23 Nov 2020

We have looked at how the Word and the Spirit are both needful and complementary in the development of godliness in the christian life. We saw how the lack of one or both in outworking can pose real spiritual problems for God’s people, especially when this lack is manipulated by the evil one to cause confusion and damage to the church of God.

At this juncture, it may be helpful to review the ‘essentials’ of the Word and the role and ministry of the Spirit in the church and to realise how they ‘fit in’ with each other in God’s purpose for His people.

The God-given Scriptures are the self-interpreting, self-contained rule of Christian faith and life in every age. Although the canonical books were composed over a period of more than a thousand years, they do present a consistent view of how God deals with men. Both the church and the individual Christian must live by the BIble, by proper application of biblical principles. The revealed Word is necessary for the knowledge of God because God has given and appointed it for this purpose. Sin has so darkened human minds that they cannot know God apart from the light (information and illumination) that Scripture brings. The Scriptures are the only ‘source’ from which knowledge of salvation can be derived. The reason why God speaks these biblical writings to us now is because He spoke through them once for all, when He gave them. They are therefore the means of God’s instruction to us now, the most sure source of spiritual knowledge that we have.

The Bible is a set of particular writings from the ancient world just as Jesus Christ is a particular Jew of the first century A.D. But just as Jesus Christ is God’s Son and Saviour for the world, so Holy Scripture is God’s word and wisdom for the world – it is God’s pure word of address to all mankind which stands for all eternity. We must be grateful that God has given us light for our journey through this dark world. The light is the Holy Scriptures, the inspired Word of canonical instruction on God and godliness which shines as a light in this very dark place. We must thank God for the Word and to commend what we believe about it, by the way in which we treasure it, read, mark, learn, and inwardly digest it – the Word is for us to treasure up in our hearts and respond to in faith.
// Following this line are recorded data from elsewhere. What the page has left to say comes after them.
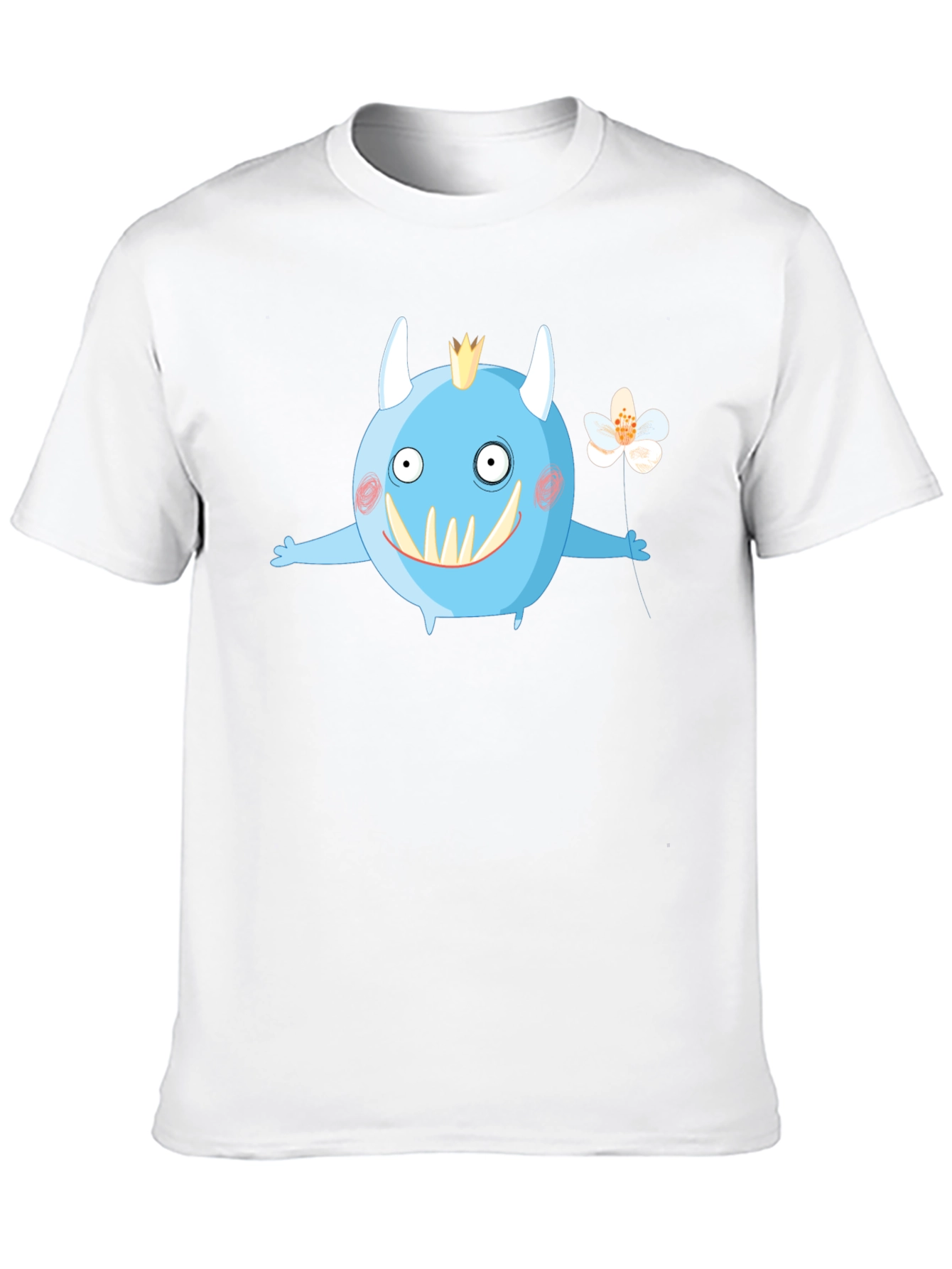 Show off your fun side with this eye-catching graphic tee! The black t-shirt features a playful cartoon-style blue monster holding a delicate white flower. The monster design is unique and sure to spark conversation, adding a touch of whimsy to your everyday style. The tee is comfortable and versatile, perfect for casual outings, lounging, or making a statement wherever you go. Wear it with jeans, shorts, or layer it under a jacket for a relaxed and stylish look. This tee is a fantastic addition to any wardrobe, whether you're a fan of quirky characters or simply looking for a comfortable and fun t-shirt option.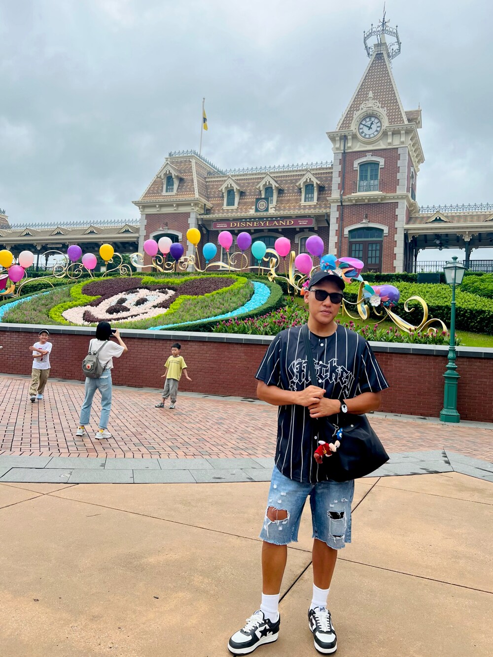 ◾️top: Disney ◾️pants: H&M ◾️shoes: a bathing ape ◾️bag : longchamp ◾️sunglasses: Tom Ford ◾️cap : MLB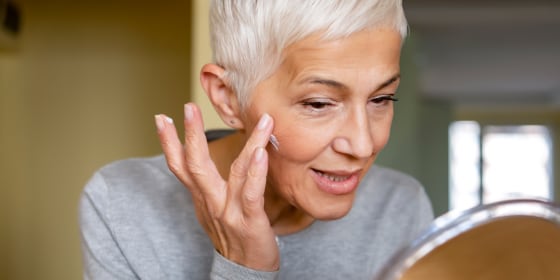 With so many SPF formulas in the market, choosing the right one for your mature skin can be tricky. According to board-certified dermatologist Dr. Doris Day, you should use sunscreen with a high SPF content (like SPF 50 or higher) that contains antioxidants, vitamin C or vitamin E to give you that added protection.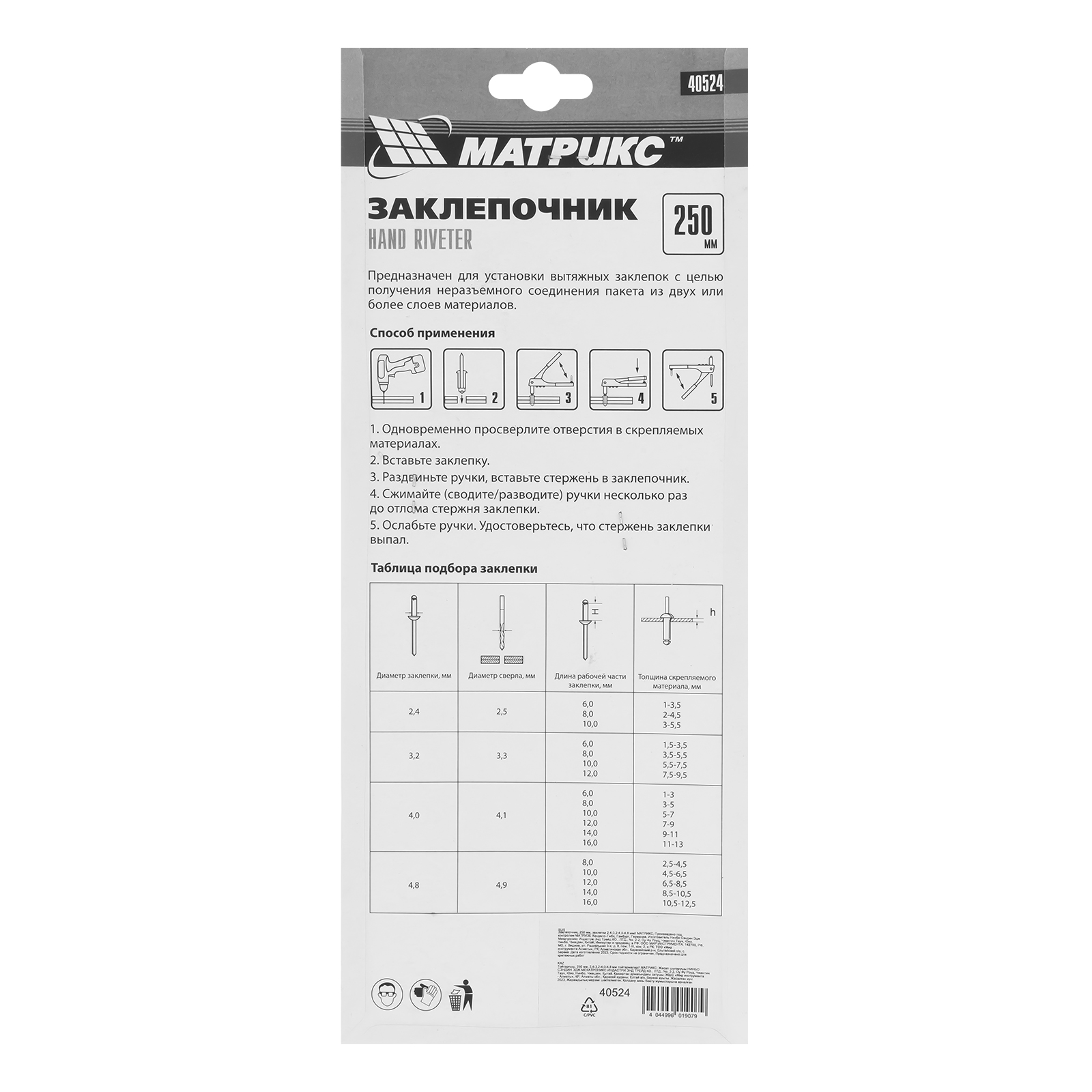 Размер заклепок, мм
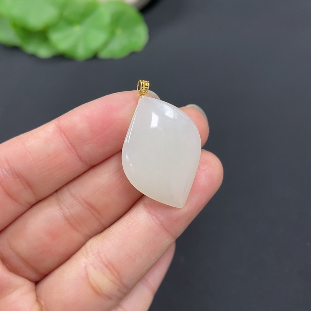 Hetian Jade Pendant with 18k Gold Clasp, Total Weight Approximately 4.1g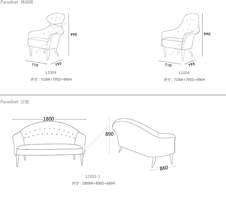 Paradiset 休闲椅 系列尺寸/示意图
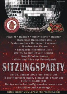 Sitzungsparty der KG Grosse Horremer von admin · Veröffentlicht 10. September 2025 · Aktualisiert 10. September 2025 Sichert euch jetzt Karten unter: karten@grossehorremer.com Wir freuen uns auf euch !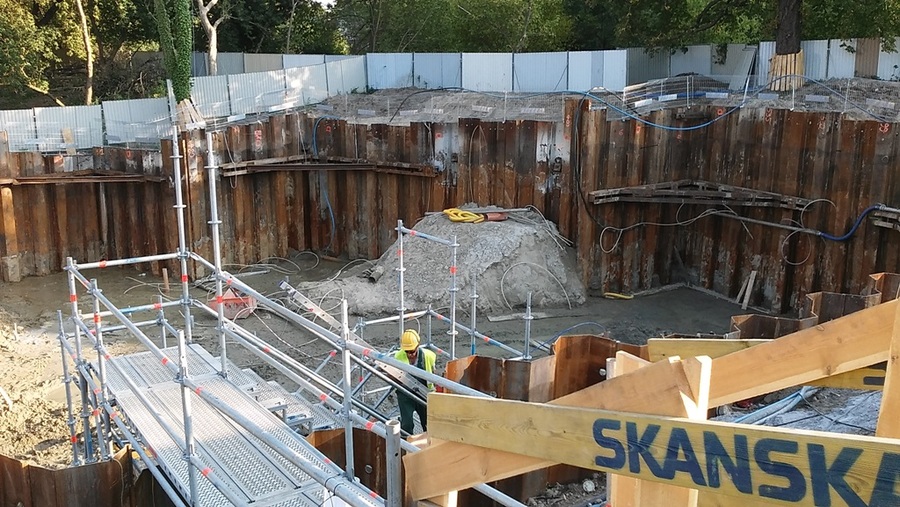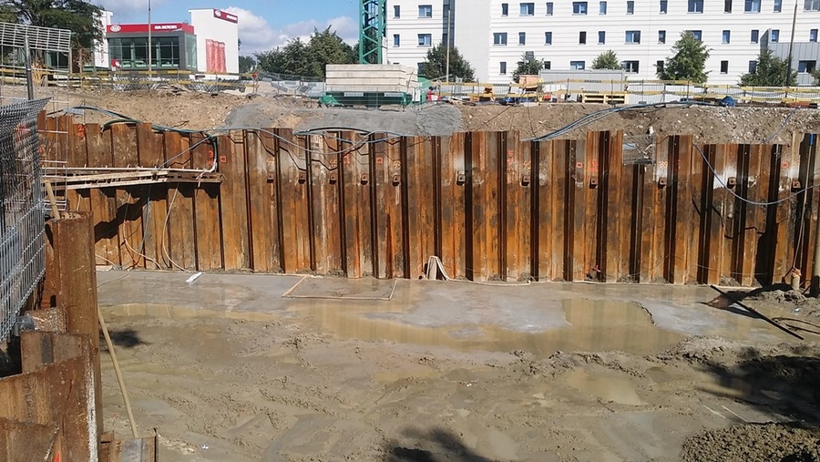 Wykonano zabezpieczenie wykopu ściankami szczelnymi sięgającymi do pierwszej warstwy nieprzepuszczalnej. Jednak w jednym z naroży wykopu obudowa była niezupełna. W tej strefie wykop był stale zasilany przez wody gruntowe.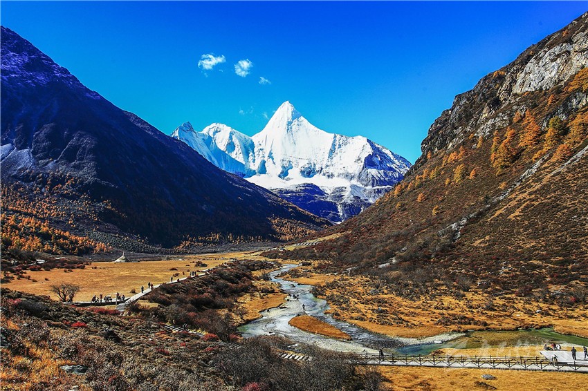 早餐后從稻城出發(fā),翻越海拔4513多米的波瓦山,途徑亞丁村,抵達目的地亞丁景區(qū)。國慶節(jié),亞丁景區(qū)迎來了高峰的人流,排隊等候景區(qū)大巴車的游客,從大廳排列一直蜿蜒到大門口,經(jīng)過2小時漫長的等待,終于抵達景區(qū),徒步步行到?jīng)_古寺,景區(qū)里已經(jīng)人滿為患,眼前的亞丁秋色,讓我們忽略了身邊擁擠的人群,只顧欣賞由草地、森林、小溪和嘛呢堆組成的天然沖古草坪。沿著沖古寺仰望仙乃日神山而上,往返約3公里步行約2小時,一步一步來到美如仙境般的珍珠海;返回山下,繼續(xù)乘坐景區(qū)電瓶車到達洛絨牛場,返程順溪流而下。當天入住香格里拉鎮(zhèn)日松貢布酒店。
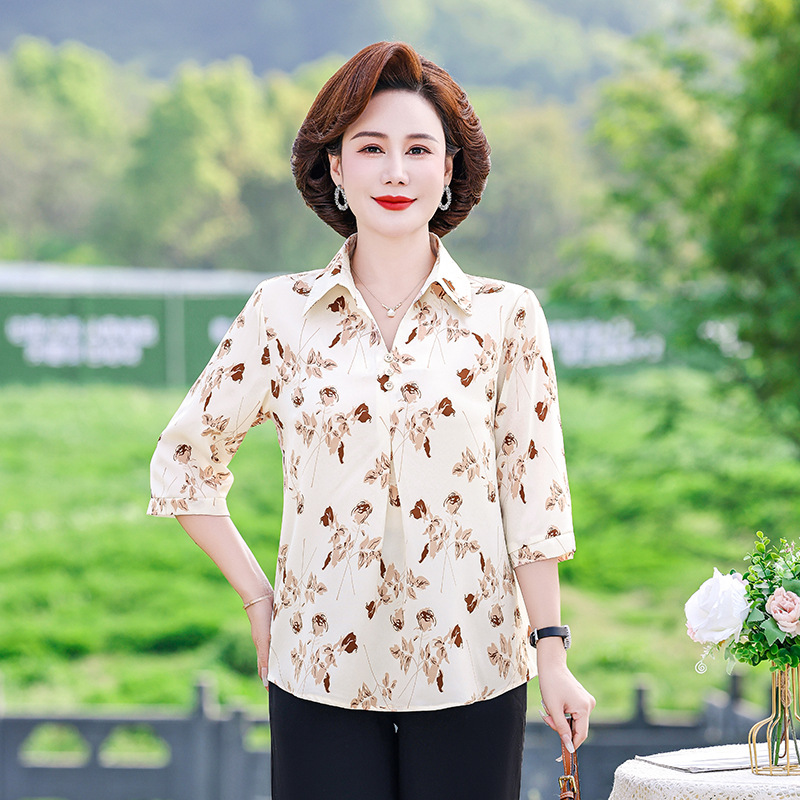 Summer Mother Clothes Printed Shirt New Elegant Seven-point Sleeve Pullover Imitation Ice Silk Fashion Casual Top Women’s Clothing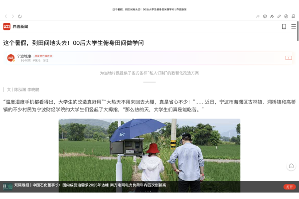 【界面新闻】这个暑假,到田间地头去!00后大学生俯身田间做学问
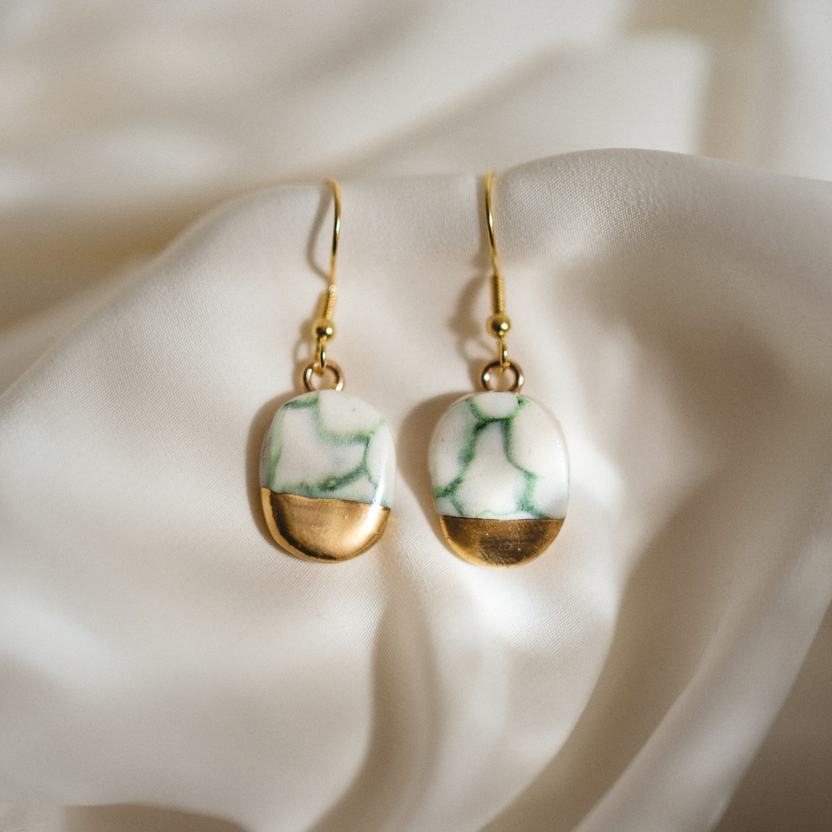 Daneben produzieren wir Gebrauchskeramik, Lampen, und auch Porzellan-Schmuck mit Goldauflage.
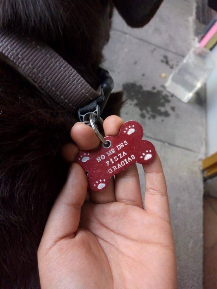 ▼於是她步出店外,摸了摸溫馴又乾淨的圓潤汪汪,發現牠脖子上有頸圈,並看了吊牌上的刻文。「果不其然,差一點就被你匡啦!」原來這隻汪汪是家犬,且早已不知練習過幾百遍,每天都用著同一招在披薩店外騙吃騙喝。對此,不喜歡限制汪汪活動範圍的主人也早有對策,直接在辨識牌上寫著:「請不要餵我吃披薩,謝謝。」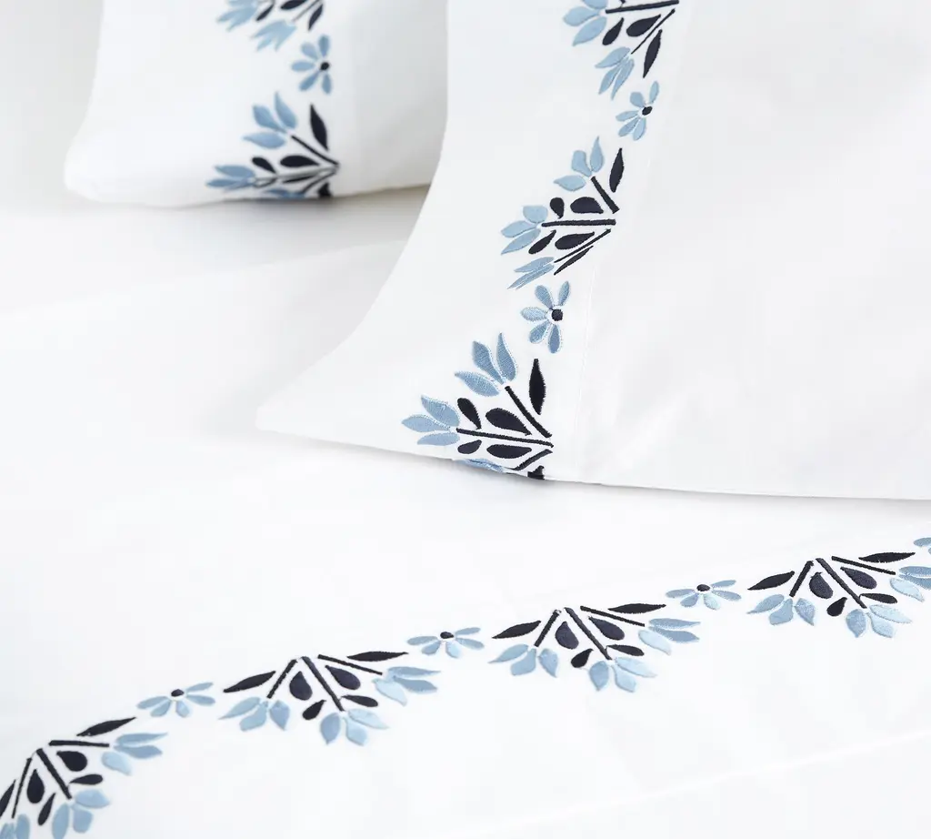Blossom Embroidered Organic Percale Pillowcases - Set Of 2

The Holy Spirit plays a leading role in almost every aspect of the writings of Apostle Paul in terms of his theology on Christian life and experience. However, the Spirit is not the center for Paul – Christ is, but the Spirit stands close to the center, making Christ known and empowering all genuinely Christian life and experience. The Spirit comes into the life of the individual and the church in a dynamic experiential way. The Spirit marks off God’s people individually and corporately as God’s temple, the place of His personal dwelling on earth. The coming of the Spirit is the sure evidence that the future had already been set in motion; the final consummation of God’s kingdom however had not yet taken place. The Spirit serves as the sure guarantee of the final glory and as a ‘down-payment’ and ‘seal’ of what is to come.

Paul’s understanding of the ministry of the Spirit has its foundation in the Trinity. God is one and personal; the Spirit is the Spirit of God and therefore personal.The Spirit and Christ are fully divine; however the Spirit is as distinct from Christ and the Father as they are from each other. Salvation is God’s activity from beginning to end and it involves all three persons of the Godhead.

The goal of God’s eschatological salvation is to create a people for His name. The people are formed by the Spirit; they are an eschatological people, who live the life of the future in the present as they await the consummation. They are God’s family, evidenced by the Spirit’s crying Abba from within their hearts; they are God’s temple, the place of His habitation on earth by His Spirit, and they form Christ’s body, made so by their common experience of the one Spirit. The Spirit thus empowers ethical life in all its dimensions – individually, within the community, and to the world. The Spirit is the key to Christian Worship and to all truly Christian Spirituality. The Spirit’s presence, including His gifts, helps to build up the believing community as its members gather together to worship God. The Spirit, who forms the body and creates the temple, is present with unity and diversity, so that all may participate and all may be built up in Christ.

Paul’s understanding is that the church is to be vitally trinitarian in its life and spirituality. This will mean not the exaltation of the Spirit but the exaltation of God; and it will mean focus not on the Spirit as such but on the Son, crucified and risen, Saviour and Lord of all. The Spirit always ‘put the spotlight on the Son of God’, not on Himself. The three persons of the Godhead are in loving fellowship eternally; they are perfectly ‘contented’ and ‘joyous’ in fulfilling their roles in the Trinity.